4.4    De voorzitter overweegt verder dat klager uit het bericht van de Raad voor Rechtsbijstand van april 2019 ook heeft kunnen vernemen dat de toevoeging een voorwaardelijk karakter had en dat de uitkomst van de zaak uiteindelijk tot intrekking van de toevoeging zou kunnen leiden. In november 2019 en januari 2020 heeft verweerster klager nog eens uitgelegd dat wanneer de zaak zou leiden tot (een veroordeling tot) verkoop van de woning, de toevoeging mogelijk ingetrokken zou worden.
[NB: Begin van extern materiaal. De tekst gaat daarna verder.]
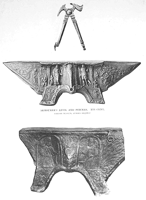 The subject of the Armourer and his Craft has never received much attention in England, even at the hands of Meyrick and Hewitt. On the Continent, however, writers like the late Dr. Wendelin Boeheim, Gurlitt, Buff, and Angellucci have all added greatly to our store of information on the subject. Boeheim’s work on the Armourers of Europe (Meister der Waffenschmiedekunst) is the only work in any language which has given us some account of the armour craftsmen of the fifteenth and sixteenth centuries, and I should be indeed remiss if I did not take this opportunity of acknowledging the assistance which this collection of biographies has been in the preparation of the present work. Signori Gelli and Moretti have collected interesting documents relating to the Missaglia family, but apart from this no other writers have made a study of the Armourer.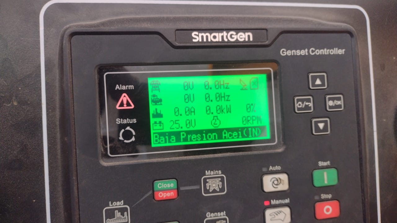 Descripción del problema: El generador PESATTO puede presentar una alarma de "Baja Presión Aceite (IN)" en el Smartgen. Esto puede ocurrir cuando el sistema de combustible está vacío o parcialmente lleno de aire debido a que el generador se ha quedado sin diésel o al realizar un cambio de filtros. En este caso, se requiere purgar el sistema de combustible para eliminar el aire y restablecer la presión de combustible adecuada.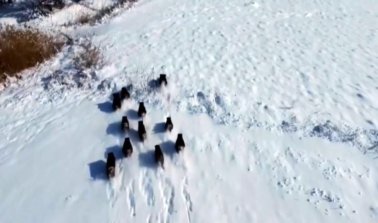 Erzincan’da popülasyonu artan ve yaz aylarında çiftçilerin mahsullerine zarar verdiği için dert yakındıkları domuz sürüsü karla kaplı arazide havadan dron kamera ile görüntülendi.

Naar het oordeel van de voorzitter is klager bij aanvang van de zaak, maar ook gaandeweg voldoende geïnformeerd over de mogelijkheid dat de toevoeging zou worden ingetrokken. Klager was op dit punt voldoende geïnformeerd. Dat klager bij intrekking van de toevoeging de kosten voor de werkzaamheden van verweerster zelf zou moeten betalen staat niet alleen ondubbelzinnig in de opdrachtbevestiging van 5 september 2018, maar is bovendien evident. Ook op dit punt heeft verweerster klager dus voldoende geïnformeerd. Klachtonderdelen a en b zijn gelet op het voorgaande kennelijk ongegrond. 
4.5    De voorzitter voegt nog toe dat niet “het verlies van de zaak” van klager, maar de omstandigheid dat de uitkomst van de zaak een vermogenstoename heeft teweeggebracht bij klager, heeft geleid tot intrekking van de toevoeging. Er is op dit punt ook geen sprake van ontoereikende informatievoorziening van verweerster aan klager en ook in zoverre is de klacht kennelijk ongegrond. 
Klachtonderdeel c)
4.6    De voorzitter vat dit klachtonderdeel op als het verwijt dat verweerster klager te veel heeft laten betalen voor haar werkzaamheden. 
4.7    De voorzitter stelt voorop dat de tuchtrechter volgens vaste jurisprudentie niet oordeelt over declaratiegeschillen. De tuchtrechter moet echter wel beoordelen of excessief is gedeclareerd. De voorzitter heeft echter geen grond om aan te dat verweerster voor haar werkzaamheden excessief heeft gedeclareerd. Dit betekent dat klachtonderdeel c bij gebrek aan een voldoende feitelijke onderbouwing ook kennelijk ongegrond zal worden verklaard. 
Slotsom
4.8    Op grond van het voorgaande zal de voorzitter de klacht, met toepassing van artikel 46j Advocatenwet, daarom kennelijk ongegrond verklaren.


BESLISSING
De voorzitter verklaart: 
de klacht, met toepassing van artikel 46j Advocatenwet, kennelijk ongegrond.

Aldus beslist door mr. G.A.F.M. Wouters, voorzitter, bijgestaan door mr. A. Tijs als griffier en uitgesproken in het openbaar op 30 maart 2022.